### EXERCISE REQUIREMENTS
Exactly as written, output the lines below starting from the first and ending with the line that contains "eggs with mayonnaise"; omit pictures.

MATERIAL FOR THIS TASK section start

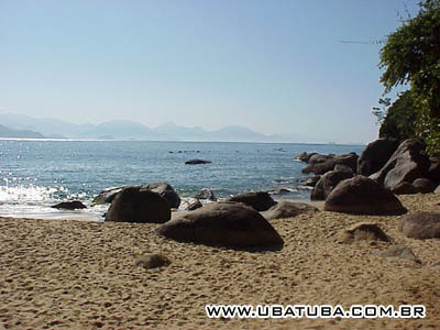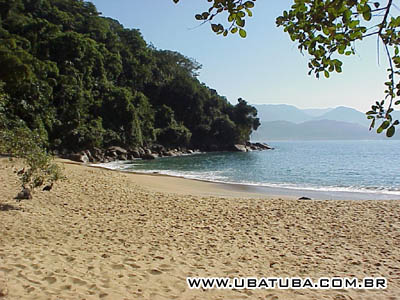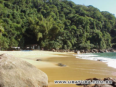 Praia de tombo bela e pequena de areias grossas e brancas, presença de
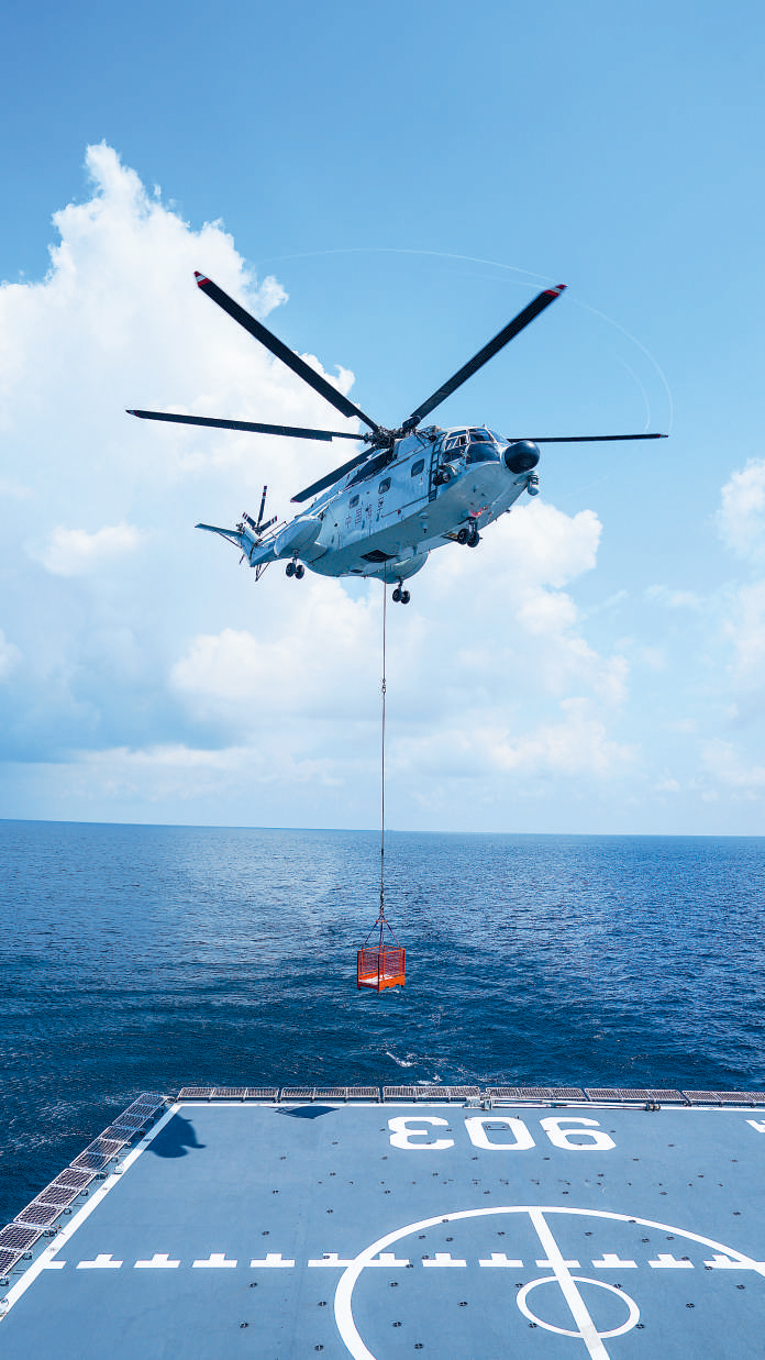 近日,海军航空兵某部与某舰艇部队开展舰机协同训练。
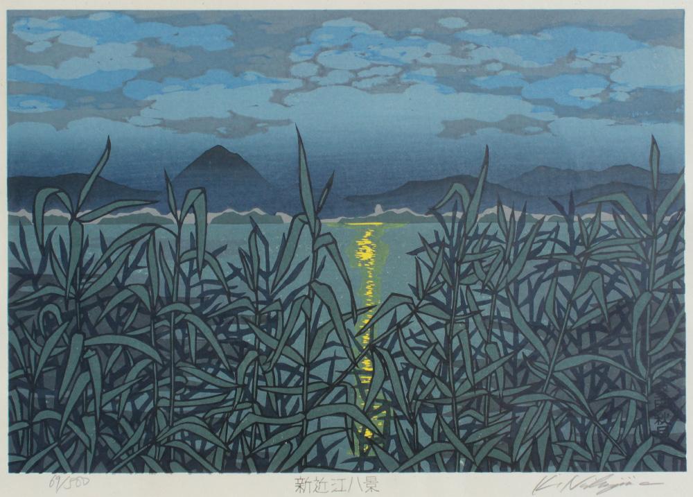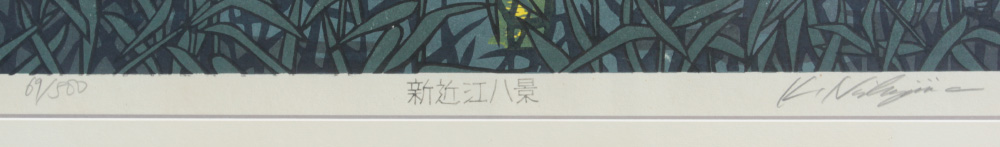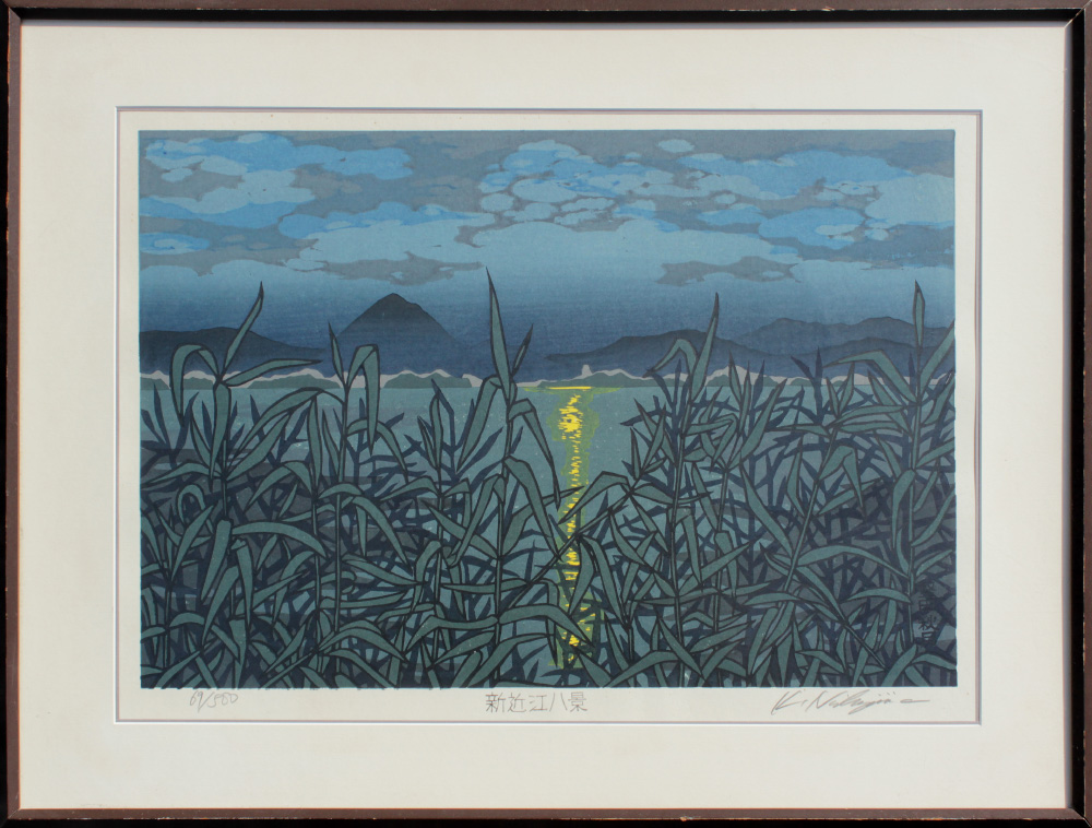 NISHIJIMA, Katsuyuki, (Japanese, 1945- ): Nocturnal Harbor Scene, Japanese Woodblock Print, sight size 13 3/4'' x 19 1/4'', pencil signed lower right, numbered 69 of 500 lower left, original frame, 19'' x 25''.
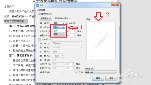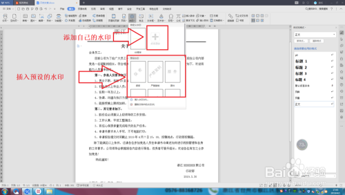 这是出来下拉列表,有添加和预设水印,若是入社水印知足你的要求,那么你就找到此中一个点击即可完当作插入,若是想利用本身的图片作为水印,那么点击加号。
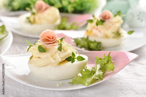 eggs with mayonnaise stuffed with vegetable salad on Easter table
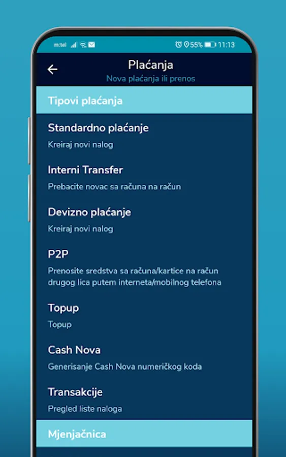 - mjenjačnica koja će omogućiti mjenjač za sve valute koje se nalaze na kursnoj listi Banke;
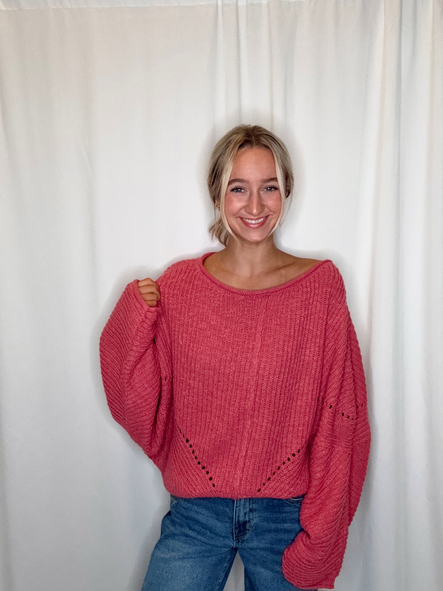 Face The Day Drop Shoulder Sweater/ Rose
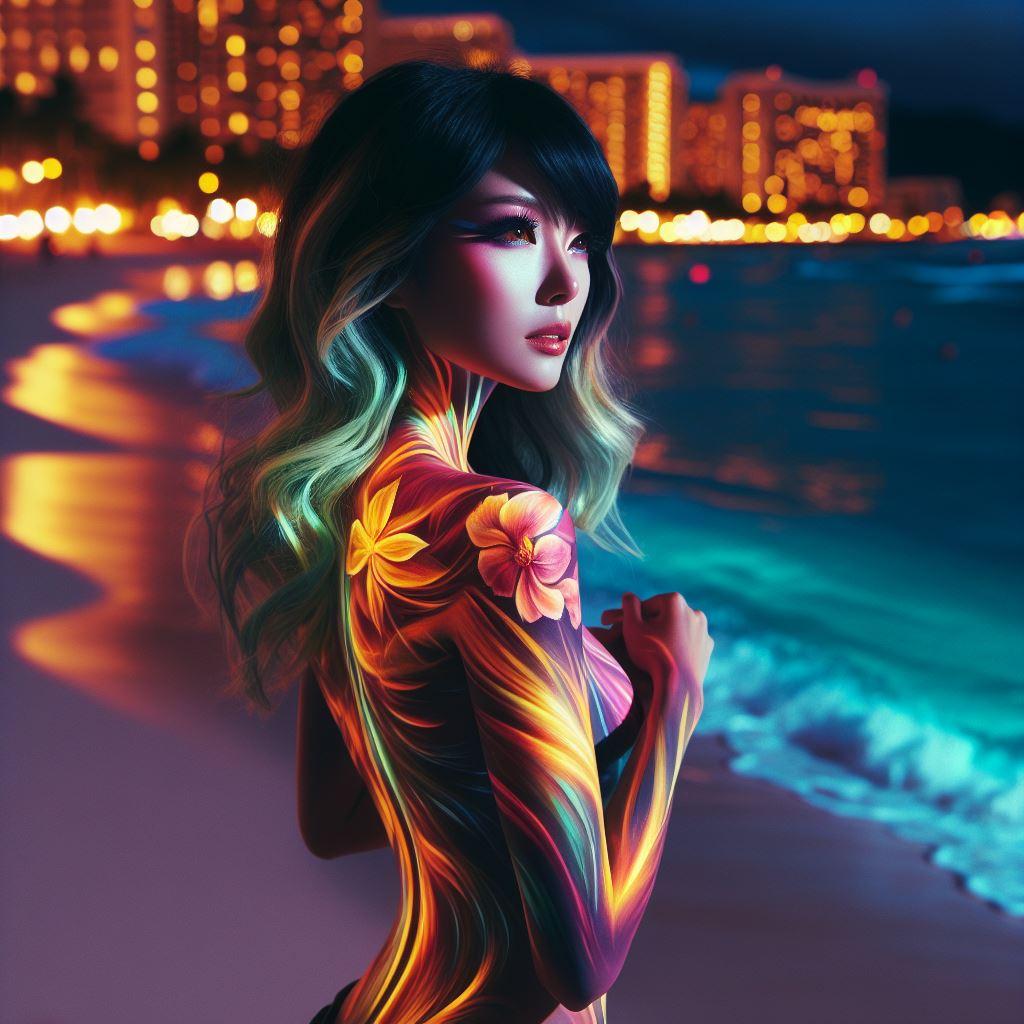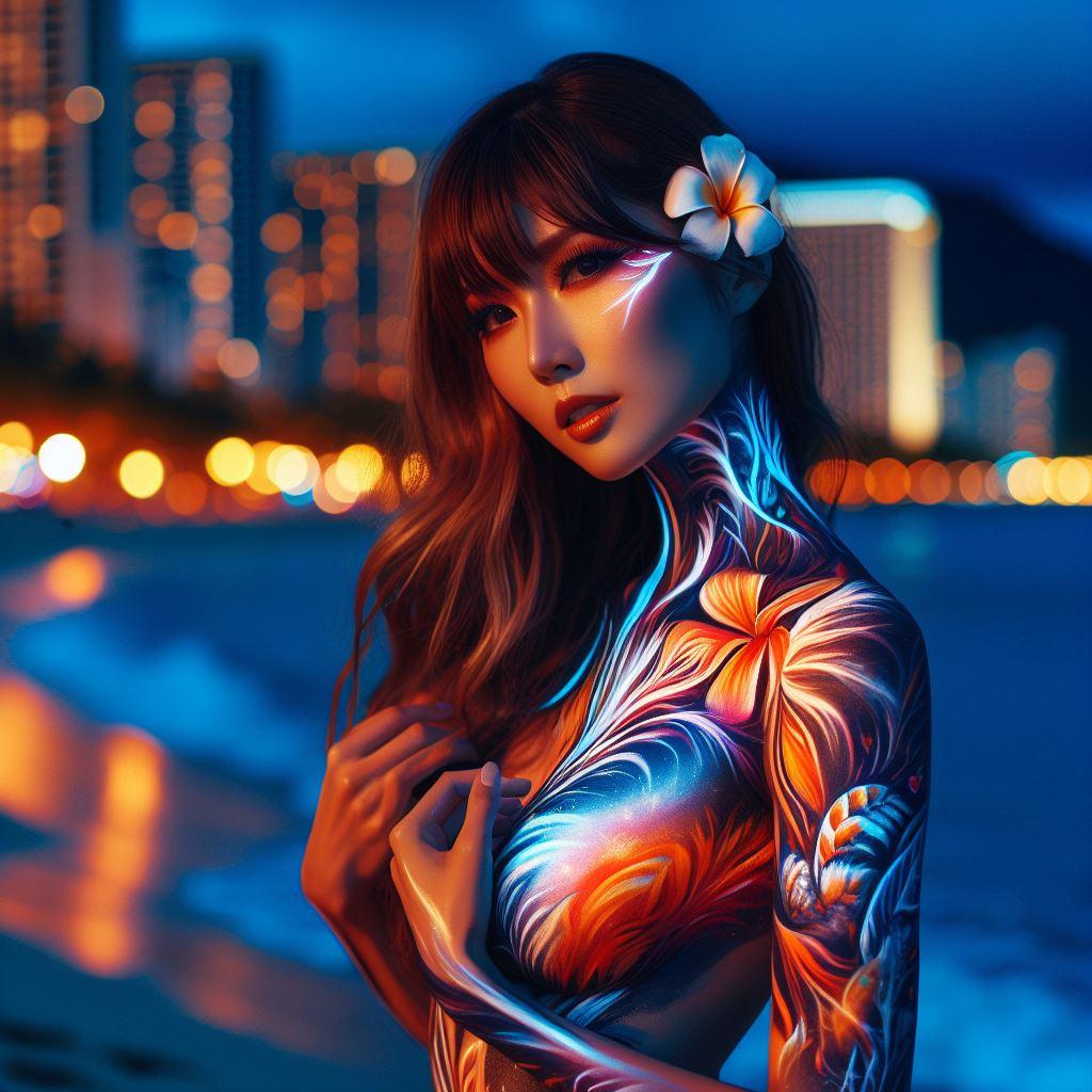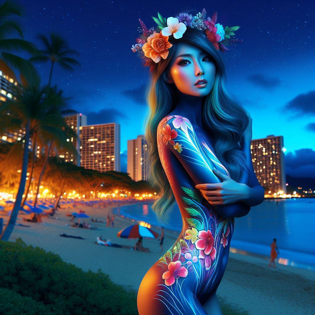 ワイキキビーチでボディペイント1 : https://www.chichi-pui.com/posts/c0d32353-b807-4cfe-adaf-8482521ff132/

MATERIAL FOR THIS TASK section end

### RESPONSE BOX
 Praia de tombo bela e pequena de areias grossas e brancas, presença de
 近日,海军航空兵某部与某舰艇部队开展舰机协同训练。
 NISHIJIMA, Katsuyuki, (Japanese, 1945- ): Nocturnal Harbor Scene, Japanese Woodblock Print, sight size 13 3/4'' x 19 1/4'', pencil signed lower right, numbered 69 of 500 lower left, original frame, 19'' x 25''.
 这是出来下拉列表,有添加和预设水印,若是入社水印知足你的要求,那么你就找到此中一个点击即可完当作插入,若是想利用本身的图片作为水印,那么点击加号。
 eggs with mayonnaise stuffed with vegetable salad on Easter table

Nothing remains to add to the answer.